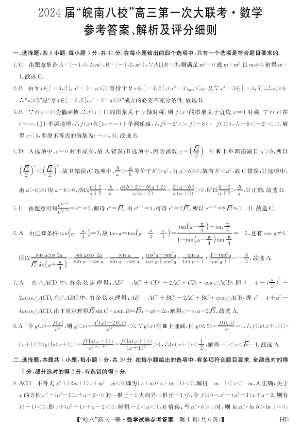 安徽省皖南八校2023-2024学年高三上学期第一次大联考 数学答案
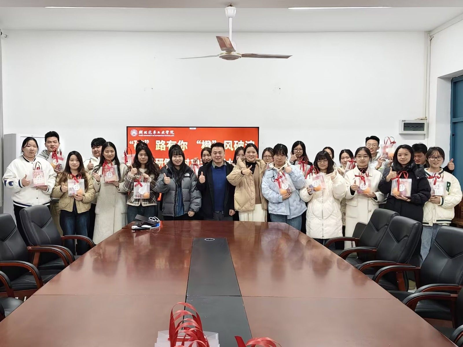 随后,学院领导和老师为考研学子分发精心准备的考研加油大礼包,其中包括寓意心想事“橙”的脐橙、象征好运“旺旺”的旺仔牛奶、“逢考必过”为封面的笔记本以及承载着学弟学妹们美好祝福的卡片,为即将踏上考场的学子们送上了温暖与鼓励。分发礼品后,全体考研学子进行了庄严宣誓,誓言铮铮,展现出他们对考研的坚定信心和必胜决心。大会最后,播放了学弟学妹们专门录制的祝福视频。
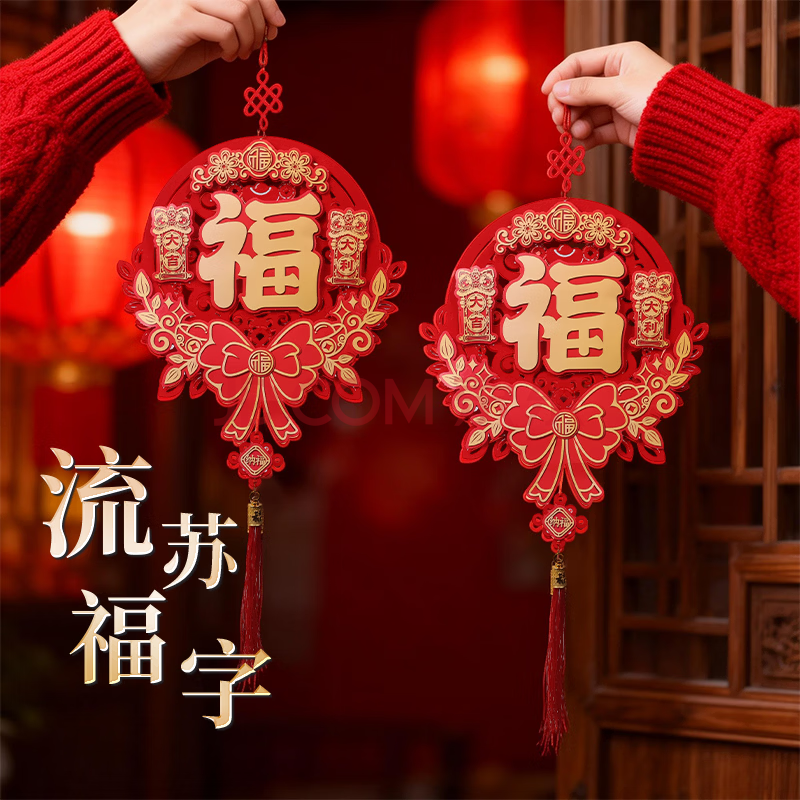 青竹画材(CHINJOO)2026马年过年立体福字挂件装饰品客厅春节入户门挂福布置用品单流苏福字新春福字 【流苏福字】
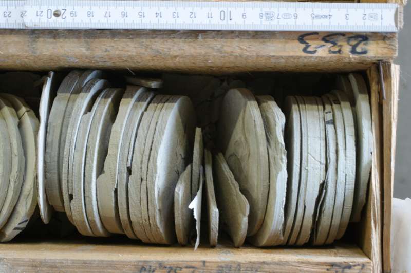 Beispiel für einen Seesediment-Bohrkern der Forschungsbohrung Nördlingen 1973 (Teufe 233 Meter).
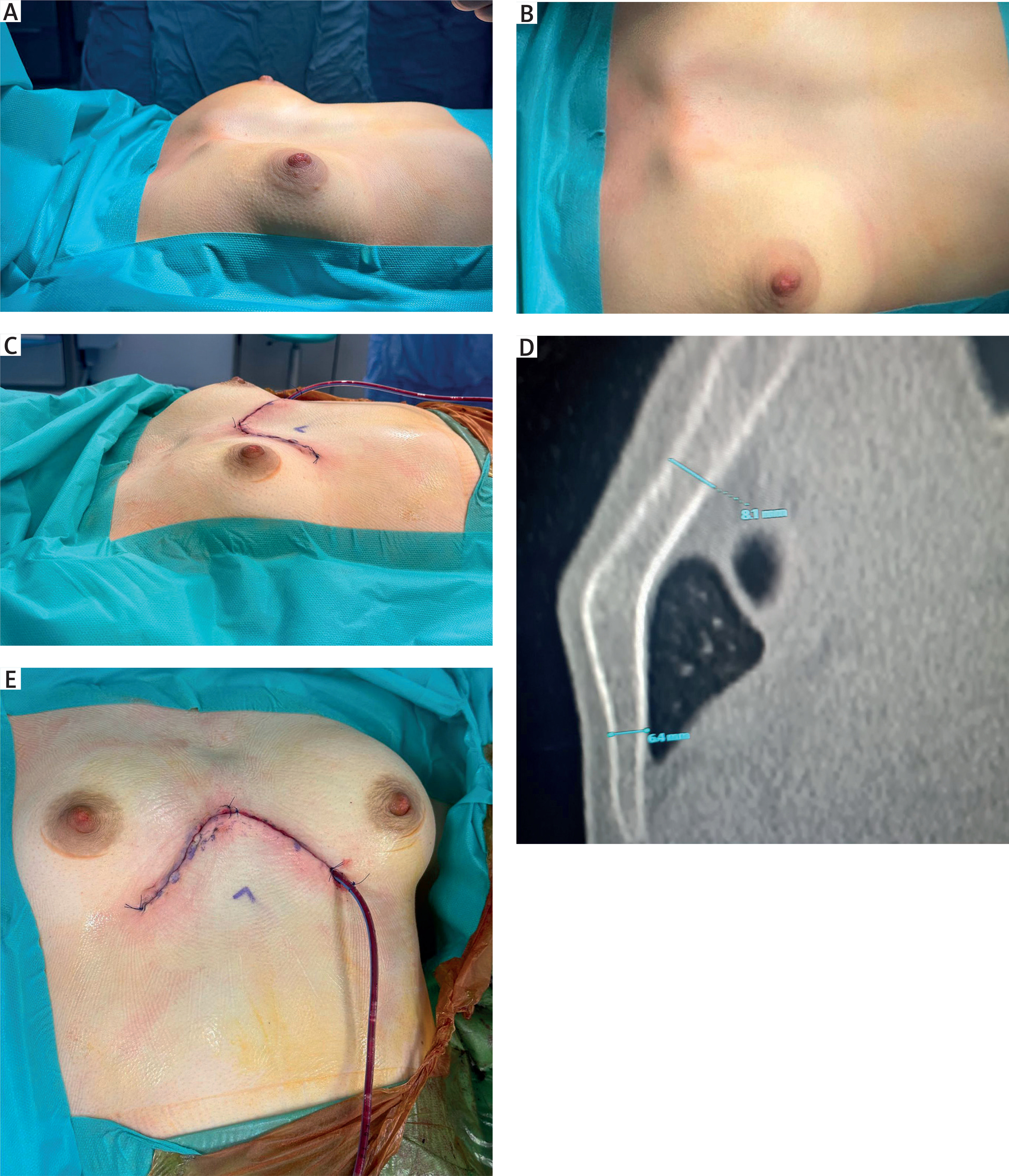 Currarino–Silverman deformity represents a rare and distinct clinical entity among congenital deformities of the sternum and costal cartilages [1]. Its pathogenesis is related to premature fusion of the manubriosternal junction and adjacent sternal segments, resulting in the characteristic anterior protrusion of the chest wall. The deformity typically presents with a shortened, deformed sternum, accompanied by structural abnormalities of the costal cartilages. Most patients remain asymptomatic or report only minimal symptoms. However, in some cases, exertional dyspnea, chest tightness, reduced exercise tolerance, palpitations, or retrosternal pain may occur. The deformity may also coexist with congenital cardiac anomalies, including mitral or tricuspid regurgitation and ventricular septal defects [1]. An important clinical aspect is patients’ satisfaction with the cosmetic appearance of the chest, which is usually the primary motivation for surgical correction. Due to the rarity of this condition and the lack of large clinical trials, no standardized guidelines exist for determining the optimal treatment or indications for surgery. Surgical treatment, most commonly the Ravitch procedure, involving resection of deformed costal cartilages and wedge osteotomy of the sternum with stabilization using reconstruction plates, remains the most effective method of correction. Reported postoperative hospital stays vary from 2.9 to 6.5 days [5]. In the present case, the patient was discharged on the second postoperative day – shorter than typically reported in the literature for Ravitch repairs performed without cryoanalgesia. Although causality cannot be definitively established, intraoperative cryoanalgesia likely contributed to the shortened hospitalization. Post-thoracotomy pain remains a major clinical challenge, impacting not only patient comfort but also the risk of pulmonary complications and the overall duration of recovery. Effective pain control is crucial for maintaining adequate ventilation, promoting early mobilization, and reducing respiratory infection risk. Cryoanalgesia has gained increasing popularity in recent years as a safe and effective method of postoperative pain control in thoracic surgery, including the repair of chest wall deformities such as pectus excavatum by the Nuss technique. Studies have demonstrated that intraoperative cryoanalgesia significantly reduces postoperative opioid requirements and shortens hospital stay [6, 7]. The mechanism of cryoanalgesia involves localized application of extreme cold to induce temporary injury of sensory nerves. This results in reversible axonal degeneration (Wallerian degeneration), temporarily interrupting pain transmission without permanent neural damage. Regeneration of affected fibers typically occurs within several weeks, corresponding to gradual recovery of sensation in the treated dermatomes. Rettig et al. reported that cryoanalgesia in patients undergoing the Ravitch procedure reduced mean hospital stay from 6 to 2.3 days compared with epidural anesthesia, while also decreasing opioid use during hospitalization and follow-up. Notably, despite the slightly longer operative time, total hospital costs were lower in the cryoanalgesia group [5]. In the present case, cryoanalgesia provided sufficient pain relief to avoid opioids entirely. Multimodal analgesia with ketoprofen, metamizole, paracetamol, and preoperative gabapentin contributed to stable postoperative pain control. A recent study by Walendziak et al. explored the concept of performing cryoanalgesia 1 day prior to chest wall surgery, suggesting potential benefits; however, further research in larger cohorts is necessary to validate the efficacy and safety of this approach [4]. The principal limitation of our study is that it presents a single clinical case in which established techniques – modified Ravitch repair and intraoperative cryoanalgesia – were applied. Nevertheless, growing evidence supports the view that cryoanalgesia in thoracic surgery shortens hospital stay and reduces the need for postoperative analgesics. Future prospective studies on larger patient populations are warranted to determine whether intraoperative cryoanalgesia during Ravitch repair for Currarino–Silverman deformity significantly decreases hospitalization time, reduces or eliminates opioid requirements, lowers healthcare costs, and improves overall quality of life.

────

== WHAT THIS TASK INVOLVES ==
Where a picture appears in the material above, skip it, and print the rest exactly.

== RESULT BELOW ==
 安徽省皖南八校2023-2024学年高三上学期第一次大联考 数学答案
 随后,学院领导和老师为考研学子分发精心准备的考研加油大礼包,其中包括寓意心想事“橙”的脐橙、象征好运“旺旺”的旺仔牛奶、“逢考必过”为封面的笔记本以及承载着学弟学妹们美好祝福的卡片,为即将踏上考场的学子们送上了温暖与鼓励。分发礼品后,全体考研学子进行了庄严宣誓,誓言铮铮,展现出他们对考研的坚定信心和必胜决心。大会最后,播放了学弟学妹们专门录制的祝福视频。
 青竹画材(CHINJOO)2026马年过年立体福字挂件装饰品客厅春节入户门挂福布置用品单流苏福字新春福字 【流苏福字】
 Beispiel für einen Seesediment-Bohrkern der Forschungsbohrung Nördlingen 1973 (Teufe 233 Meter).
 Currarino–Silverman deformity represents a rare and distinct clinical entity among congenital deformities of the sternum and costal cartilages [1]. Its pathogenesis is related to premature fusion of the manubriosternal junction and adjacent sternal segments, resulting in the characteristic anterior protrusion of the chest wall. The deformity typically presents with a shortened, deformed sternum, accompanied by structural abnormalities of the costal cartilages. Most patients remain asymptomatic or report only minimal symptoms. However, in some cases, exertional dyspnea, chest tightness, reduced exercise tolerance, palpitations, or retrosternal pain may occur. The deformity may also coexist with congenital cardiac anomalies, including mitral or tricuspid regurgitation and ventricular septal defects [1]. An important clinical aspect is patients’ satisfaction with the cosmetic appearance of the chest, which is usually the primary motivation for surgical correction. Due to the rarity of this condition and the lack of large clinical trials, no standardized guidelines exist for determining the optimal treatment or indications for surgery. Surgical treatment, most commonly the Ravitch procedure, involving resection of deformed costal cartilages and wedge osteotomy of the sternum with stabilization using reconstruction plates, remains the most effective method of correction. Reported postoperative hospital stays vary from 2.9 to 6.5 days [5]. In the present case, the patient was discharged on the second postoperative day – shorter than typically reported in the literature for Ravitch repairs performed without cryoanalgesia. Although causality cannot be definitively established, intraoperative cryoanalgesia likely contributed to the shortened hospitalization. Post-thoracotomy pain remains a major clinical challenge, impacting not only patient comfort but also the risk of pulmonary complications and the overall duration of recovery. Effective pain control is crucial for maintaining adequate ventilation, promoting early mobilization, and reducing respiratory infection risk. Cryoanalgesia has gained increasing popularity in recent years as a safe and effective method of postoperative pain control in thoracic surgery, including the repair of chest wall deformities such as pectus excavatum by the Nuss technique. Studies have demonstrated that intraoperative cryoanalgesia significantly reduces postoperative opioid requirements and shortens hospital stay [6, 7]. The mechanism of cryoanalgesia involves localized application of extreme cold to induce temporary injury of sensory nerves. This results in reversible axonal degeneration (Wallerian degeneration), temporarily interrupting pain transmission without permanent neural damage. Regeneration of affected fibers typically occurs within several weeks, corresponding to gradual recovery of sensation in the treated dermatomes. Rettig et al. reported that cryoanalgesia in patients undergoing the Ravitch procedure reduced mean hospital stay from 6 to 2.3 days compared with epidural anesthesia, while also decreasing opioid use during hospitalization and follow-up. Notably, despite the slightly longer operative time, total hospital costs were lower in the cryoanalgesia group [5]. In the present case, cryoanalgesia provided sufficient pain relief to avoid opioids entirely. Multimodal analgesia with ketoprofen, metamizole, paracetamol, and preoperative gabapentin contributed to stable postoperative pain control. A recent study by Walendziak et al. explored the concept of performing cryoanalgesia 1 day prior to chest wall surgery, suggesting potential benefits; however, further research in larger cohorts is necessary to validate the efficacy and safety of this approach [4]. The principal limitation of our study is that it presents a single clinical case in which established techniques – modified Ravitch repair and intraoperative cryoanalgesia – were applied. Nevertheless, growing evidence supports the view that cryoanalgesia in thoracic surgery shortens hospital stay and reduces the need for postoperative analgesics. Future prospective studies on larger patient populations are warranted to determine whether intraoperative cryoanalgesia during Ravitch repair for Currarino–Silverman deformity significantly decreases hospitalization time, reduces or eliminates opioid requirements, lowers healthcare costs, and improves overall quality of life.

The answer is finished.